In this example, block 405 involves causing, by a control system, one or more loudspeakers in an audio environment to emit sound. According to some examples, the sound emitted by the one or more loudspeakers may not be perceivable by humans. For example, the sound emitted by the one or more loudspeakers may not be in a frequency range that is audible to most human beings. In some examples, the sound emitted by the one or more loudspeakers may be hidden or masked, such as by implementing a maximum-length sequence (MLS) method.
According to this example, block 410 involves receiving, by the control system, microphone signals from one or more microphones in the audio environment corresponding to an acoustic response of the audio environment to the sound emitted by the one or more loudspeakers. According to some examples, block 410 may involve receiving signals from a single microphone, or from a single microphone array. However, in other examples block 410 may involve receiving signals from microphones, or microphone arrays, in two or more audio devices.

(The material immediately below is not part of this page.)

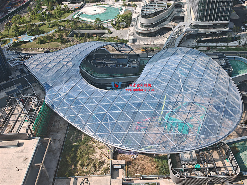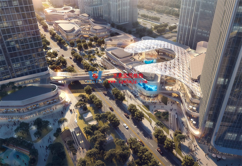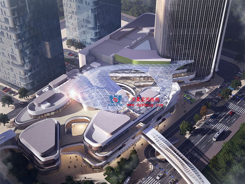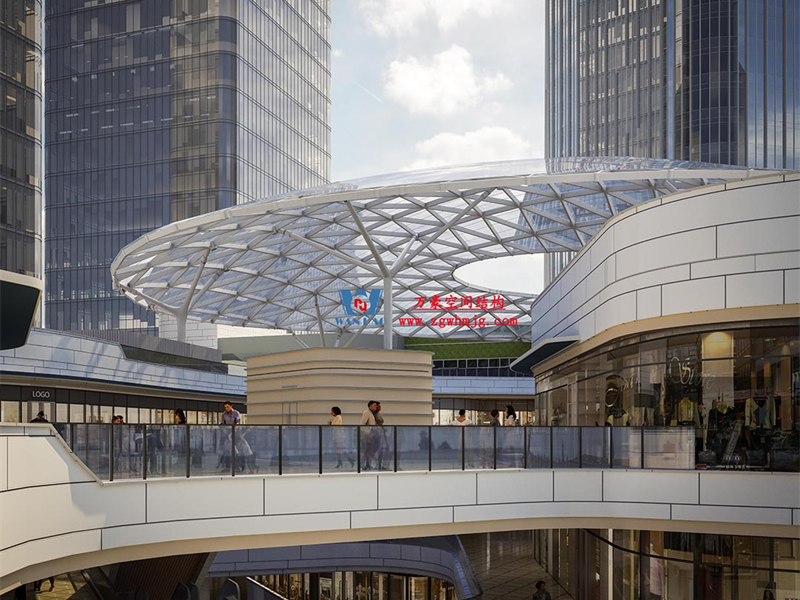 绍兴华发金融活力城ETFE膜结构商业天幕工程位于浙江省绍兴市,该项目ETFE膜结构展开面积约4100平方米。

In this example, block 415 involves detecting, by the control system, a change of the acoustic response of the audio environment. In some examples, detecting the change of the acoustic response of the audio environment may involve obtaining or estimating a current acoustic response of the audio environment and comparing the current acoustic response of the audio environment with a previous acoustic response of the audio environment. The previous acoustic response may, for example, have been obtained, or estimated, by the control system and may have previously been stored in a memory accessible by the control system. According to some examples, the acoustic response of the audio environment may be, or may correspond to, an impulse response.
In some examples, detecting the change of the acoustic response of the audio environment may involve an energy analysis, a correlation analysis or a combination thereof. According to some examples, detecting the change of the acoustic response of the audio environment may involve a time-based analysis, a frequency-based analysis, or a combination thereof. In some examples, detecting the change of the acoustic response of the audio environment may involve implementing a trained neural network. According to some examples, detecting the change of the acoustic response of the audio environment may involve implementing a machine learning classifier.
According to this example, block 420 involves changing one or more aspects of media processing for media played back by one or more devices in the audio environment based, at least in part, on the change of the acoustic response of the audio environment. In some examples, the media processing may involve audio processing, video processing, or a combination thereof. Alternatively, or additionally, method 400 may involve changing one or more aspects of lighting in the audio environment, changing a gain of one or more microphone signals, locking or unlocking one or more devices, or combinations thereof, based at least in part on the change of the acoustic response of the audio environment.
Some examples may involve estimating that the change of the acoustic response of the audio environment corresponds to a presence of one or more persons in the audio environment. Some such examples may involve estimating, by the control system, a location of the one or more persons. According to some examples, estimating the location of the one or more persons may be based, at least in part, on microphone signals received from a plurality of microphones in the audio environment, such as one or more microphones in each of a plurality of audio devices in the audio environment. In some such examples, estimating the location of the one or more persons may be based, at least in part, on sound emitted by a plurality of loudspeakers in the audio environment, such as one or more loudspeakers in each of a plurality of audio devices in the audio environment. According to some examples, the location of the one or more persons may be a home audio environment location (such as a chair or a sofa), a car seat location, a conference room location (such as a conference room seat location), etc.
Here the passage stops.